9 reasons to say no to credit

With credit cards and lines of credit (LOC) available in abundance, getting what you want right away has become standard practice, whether or not you have the money to pay for it. There are many popular excuses to convince you that this instant gratification is okay. It is not difficult to understand why we have become a nation of debtors.

Whether you need a little push to get back on track or need a basic knowledge to get yourself out of trouble, here are nine ways you can keep yourself from using your credit when you can’t afford to pay. cash.

Key points to remember

  • Using credit cards and not paying them monthly can hurt your credit.
  • The main drawbacks of using credit when you don’t have the money to pay it off later, in addition to high interest, include the deterioration of your credit, strained family and friendships, and ultimately bankruptcy. .
  • The best practice to avoid credit card fees and interest is not to spend any money until you have saved enough to cover the purchase.

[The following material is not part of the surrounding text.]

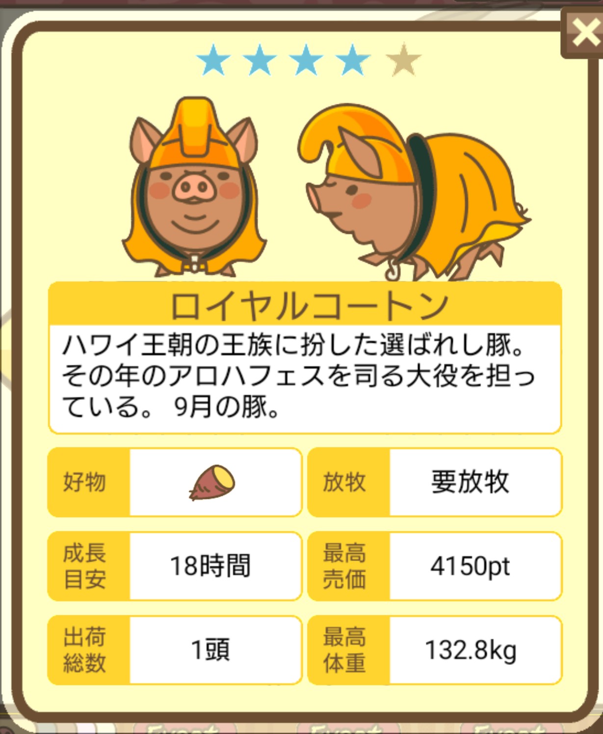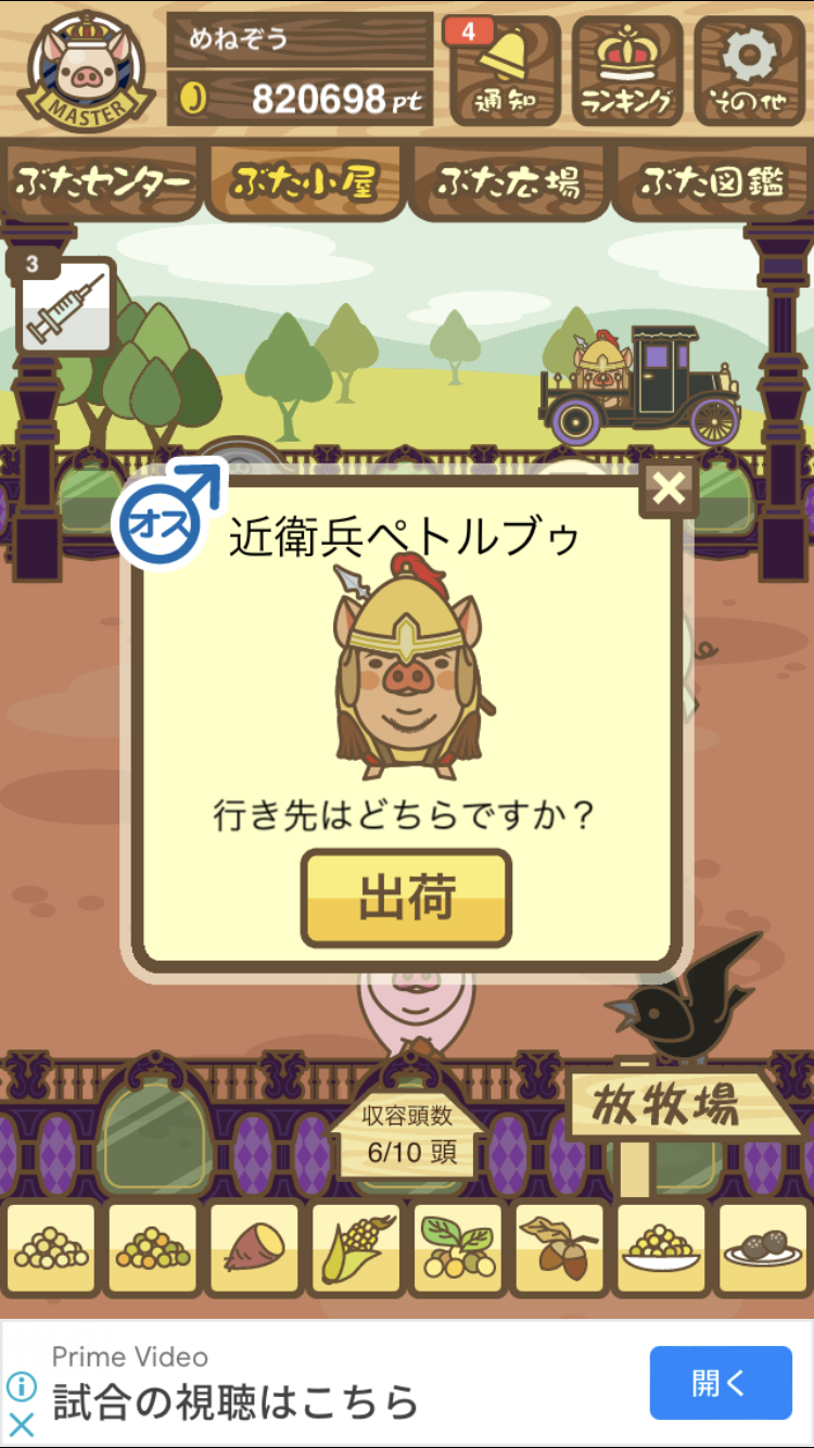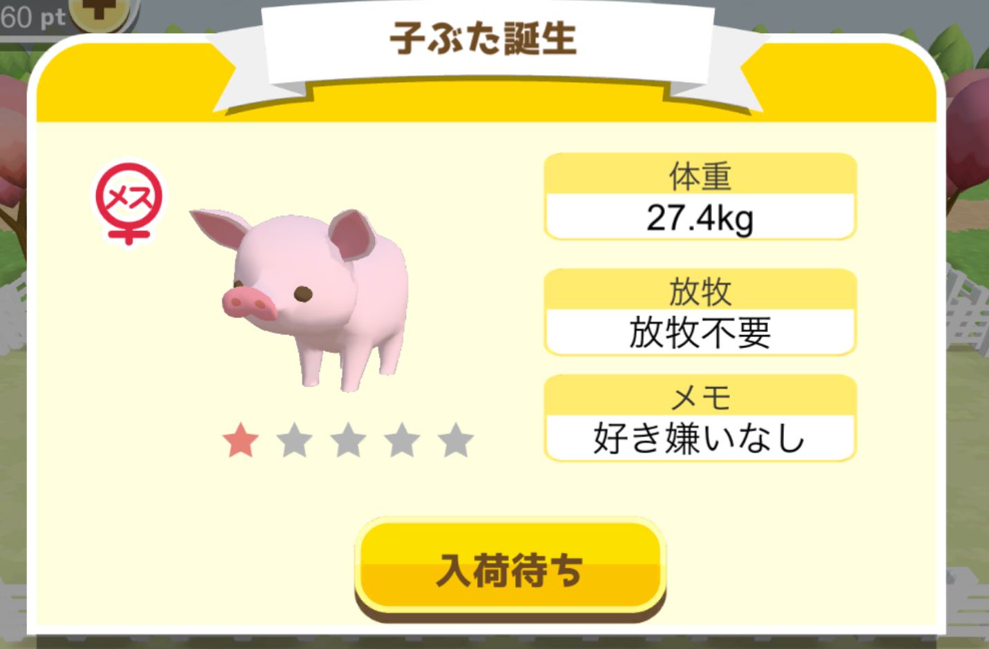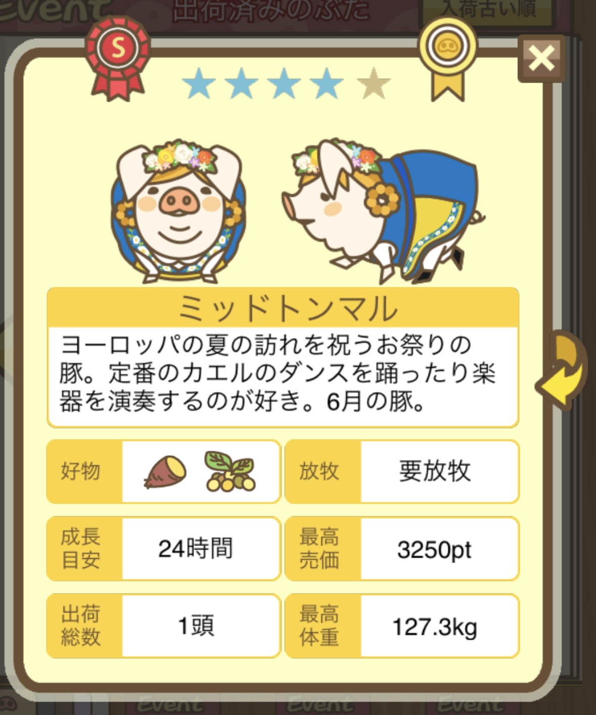 - エサ トリュフ16回、エサをあげるたびに小屋と放牧場移動、成豚時に他の豚(4頭)を放牧場に移動 で成功しました!!2回目の挑戦です!

1. Credit discourages self-control

At best, a reluctance to exercise self-control over money can rob you of your financial security. At worst, an impulsive attitude toward buying can negatively impact other areas of your life, including self-esteem, substance abuse, and interpersonal relationships. Yes, showing restraint can be difficult and boring, but it also comes with a lot of benefits and rewards, such as being able to meet financial goals, like buying a home.

2. It probably means you don’t have a budget

Without a budget, it’s easy to forget how loading a cup of coffee here and a new book there can pile up over the month and get you in trouble. For many people, a budget is a great tool for keeping expenses under control.

If you don’t have one, it’s easier to budget than you might think. Budgeting can be as simple as putting together a list of how much money you make in a month, followed by a running total of your expenses. The remaining balance will tell you how much you can spend.

3. Interest is expensive

The reason that self-control is so important when it comes to finances isn’t a moral or spiritual thing, it’s a practical thing. Credit card interest rates are high, making your purchases more expensive.

If you buy something for $ 1,000 with a credit card with an 18% interest rate, for example, and make the minimum payment each month, you’ll end up paying $ 175 in interest after a year and you will still owe $ 946 on your purchase.

If you don’t have the money to pay for something in cash in the first place, you probably don’t want to make it more expensive by adding interest to the price.

4. Rates may increase with unpaid balances

To add insult to injury, the great annual percentage rate (APR) you thought you had on your credit card may have been an introductory rate, likely to rise if the balance is not fully paid off. That’s why an 8% APR can easily skyrocket to 29% in the blink of an eye.

“But that will never happen to me,” you might say. “I will pay my balance in full as soon as it is payday.” You may have the best of intentions, but you can easily be derailed by unforeseen expenses like car repairs.

5. A bad credit score affects a lot

If credit card balances are not paid, your credit score will start to decline and you may experience an unexpected increase in the rate on your insurance bill. Insurance companies that check credit scores when calculating premiums may assume that if you can’t pay your bills, you could be ditching your car or home maintenance, or you could be an irresponsible person. , which makes you riskier.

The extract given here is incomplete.